Top cloud phishing targets by links clicked - Cloud and Threat Report - January 2025

Phishing examples - Cloud and Threat Report - January 2025

Where the victims are encountering the phishing links provides clues as to why the number of users clicking on such links may have increased in the past year. The majority of the clicks did not come from email but rather from various other locations throughout the web. The top referrer was search engines, where attackers run malicious ads or use SEO poisoning techniques to get the phishing pages listed at the top of the search engine results for specific terms. Other top referrers included shopping, technology, business, and entertainment sites, where the referrals come from comments, malicious ads, and infected sites. The variety of phishing sources illustrates some creative social engineering by attackers. They know their victims may be wary of inbound emails (where they are repeatedly taught not to click on links) but will much more freely click on links in search engine results.

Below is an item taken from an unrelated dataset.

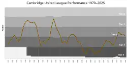 In the 2022–23 season, United avoided relegation on the final day of the season after beating Forest Green Rovers 2–0 at home on the final day of the season.[54] They were relegated to League Two at the end of the 2024–25 season after finishing 23rd.[55]

Top web and cloud categories referring phishing pages - Cloud and Threat Report - January 2025

 

Trojans

1.4 out of every 100 people encountered malicious content on the web or in the cloud each month during 2024. The most common types of content encountered were JavaScript-based Trojans. These malicious scripts aim to trick the victim into downloading malware, visiting another malicious scam or phishing site, or authorizing access to their accounts. Below is a list of the top 10 most commonly encountered malware families, all designed to trick their victims into downloading, opening, or clicking something to kick off a series of cascading events designed to compromise their systems. Blocking Trojans is crucial because they are often the initial vector for more sophisticated malicious activities, including espionage, ransomware, financial fraud, and sabotage.

Backdoor.Zusy (a.k.a. TinyBanker) is a banking Trojan based on Zeus’s source code that aims to steal personal information via code injection into websites.

Downloader.Nemucod is a JavaScript downloader that has previously delivered Teslacrypt.

Downloader.SLoad (a.k.a Starslord) is a downloader often used to deliver Ramnit.
Downloader.Upatre is a downloader that distributes other payloads, such as Locky and Dridex.

Infostealer.AgentTesla is a .NET-based remote access Trojan with many capabilities, including stealing passwords from the browser, logging keystrokes, and capturing clipboard contents.

Trojan.CobaltStrike is a powerful commercial penetration testing framework that enables various functionalities, including a highly customizable command and control framework to evade traditional network-based detection. Cracked versions of CobaltStrike are widely used by many adversary groups.

Trojan.FakeUpdater (a.k.a. SocGholish) is a JavaScript downloader that delivers various payloads, including Dridex and Azorult.